• [Available data]
[Start of section]

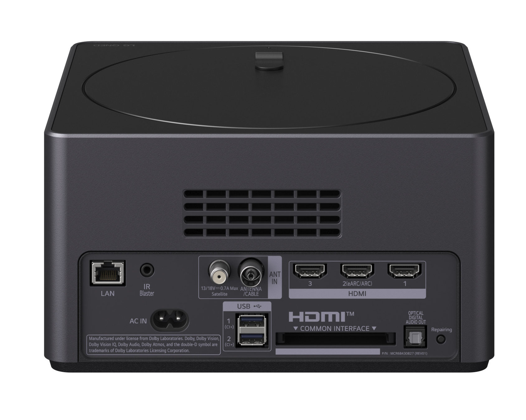 Блок Zero Connect оснащен тремя портами HDMI 2.1 (один из которых совместим с ARC и eARC), 2 антенными входами (для спутникового и кабельного/эфирного ТВ), двумя портами USB 2.0, одним портом LAN (со скоростью 100 Мбит/сек), портом ИК-передатчика и слот условного доступа CI+. Что касается аудио, то на этой же панели расположен только оптический аудиовыход, выход 3,5" на наушники/акустику отсутствует.
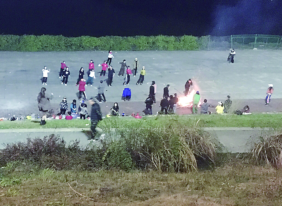 本报提醒,户外玩火有危险;篝火现象增加了环卫工的工作量;风光带树木茂盛,点篝火存在火灾隐患,易对风光带的设施造成损坏,留下的焚烧痕迹难清理,影响市容市貌;希望有关部门加强监管。
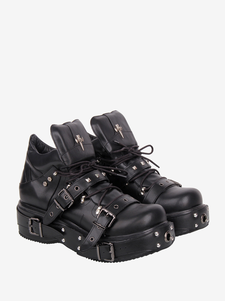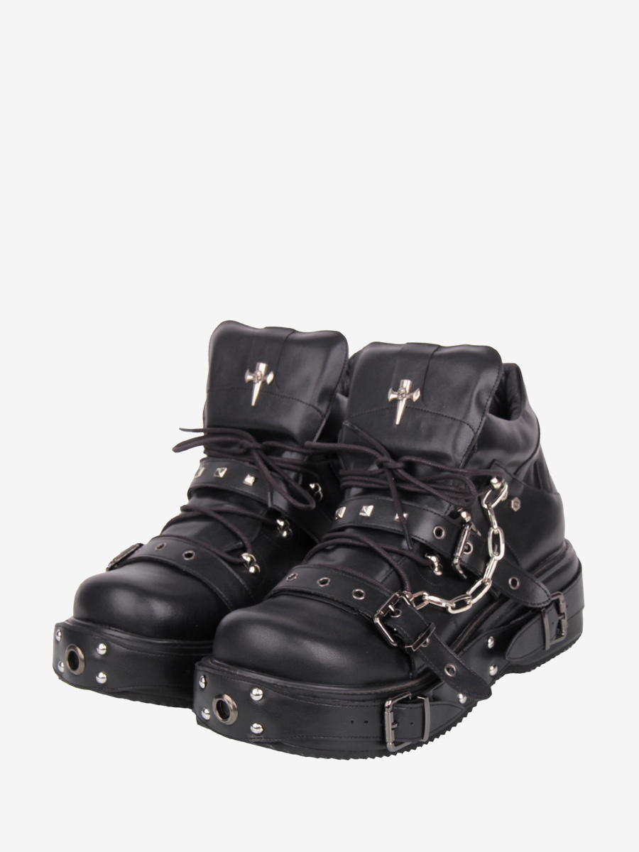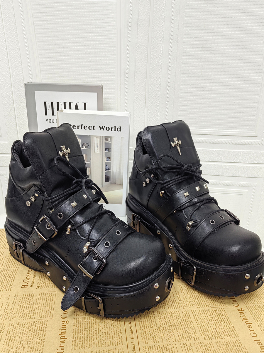 ゴシックロリータシューズ ブラック グロメット PUレザー ウェッジヒール ロリータパンプス

[End of section]

• [Exercise aim] With the pictures removed, return the listing above in its exact original wording.

• [Response to the task]
 Блок Zero Connect оснащен тремя портами HDMI 2.1 (один из которых совместим с ARC и eARC), 2 антенными входами (для спутникового и кабельного/эфирного ТВ), двумя портами USB 2.0, одним портом LAN (со скоростью 100 Мбит/сек), портом ИК-передатчика и слот условного доступа CI+. Что касается аудио, то на этой же панели расположен только оптический аудиовыход, выход 3,5" на наушники/акустику отсутствует.
 本报提醒,户外玩火有危险;篝火现象增加了环卫工的工作量;风光带树木茂盛,点篝火存在火灾隐患,易对风光带的设施造成损坏,留下的焚烧痕迹难清理,影响市容市貌;希望有关部门加强监管。
 ゴシックロリータシューズ ブラック グロメット PUレザー ウェッジヒール ロリータパンプス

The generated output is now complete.